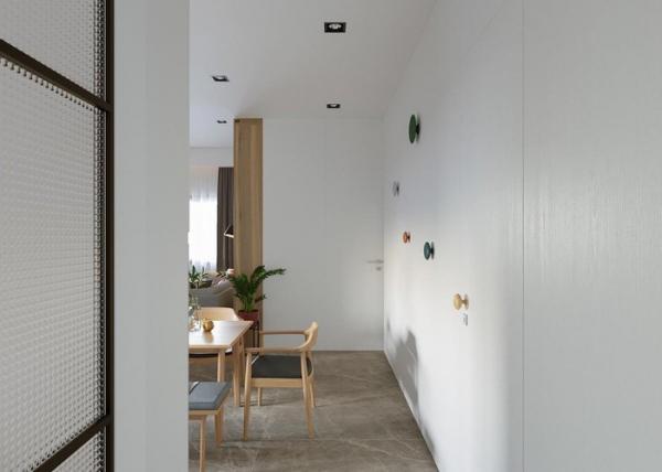 Móc treo tường màu sắc đặt cạnh lối vào, dùng để treo áo khoác đi nắng.
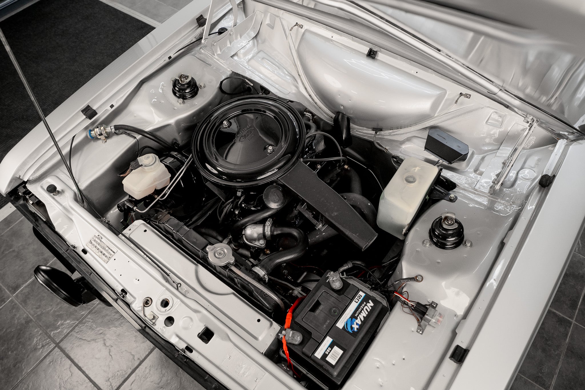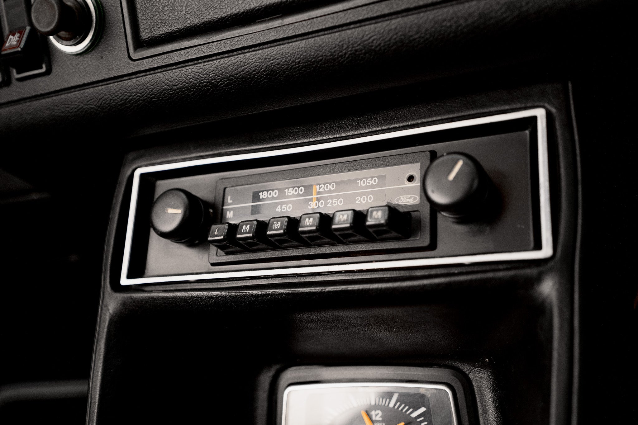 The three-spoke flat-face steering wheel presents very well while the four-speed manual gear lever and surround sit neatly and comfortably within the centre console operating precisely with the familiarity only a Ford gearbox offers. To finish, the cabin is complemented by its original Ford push-button radio, still in place the final detail in a cockpit that remains wonderfully pure, highly authentic and increasingly difficult to find in this condition.
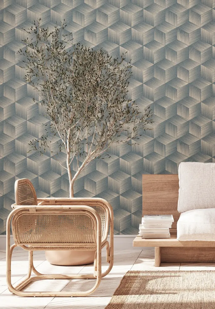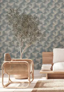A.S. Création Vinyltapete - 385063 - Blau Beige 3D Tapete
################
## TRY IT
Restate the data word for word without pictures.

## ANSWER BELOW
 Móc treo tường màu sắc đặt cạnh lối vào, dùng để treo áo khoác đi nắng.
 The three-spoke flat-face steering wheel presents very well while the four-speed manual gear lever and surround sit neatly and comfortably within the centre console operating precisely with the familiarity only a Ford gearbox offers. To finish, the cabin is complemented by its original Ford push-button radio, still in place the final detail in a cockpit that remains wonderfully pure, highly authentic and increasingly difficult to find in this condition.
A.S. Création Vinyltapete - 385063 - Blau Beige 3D Tapete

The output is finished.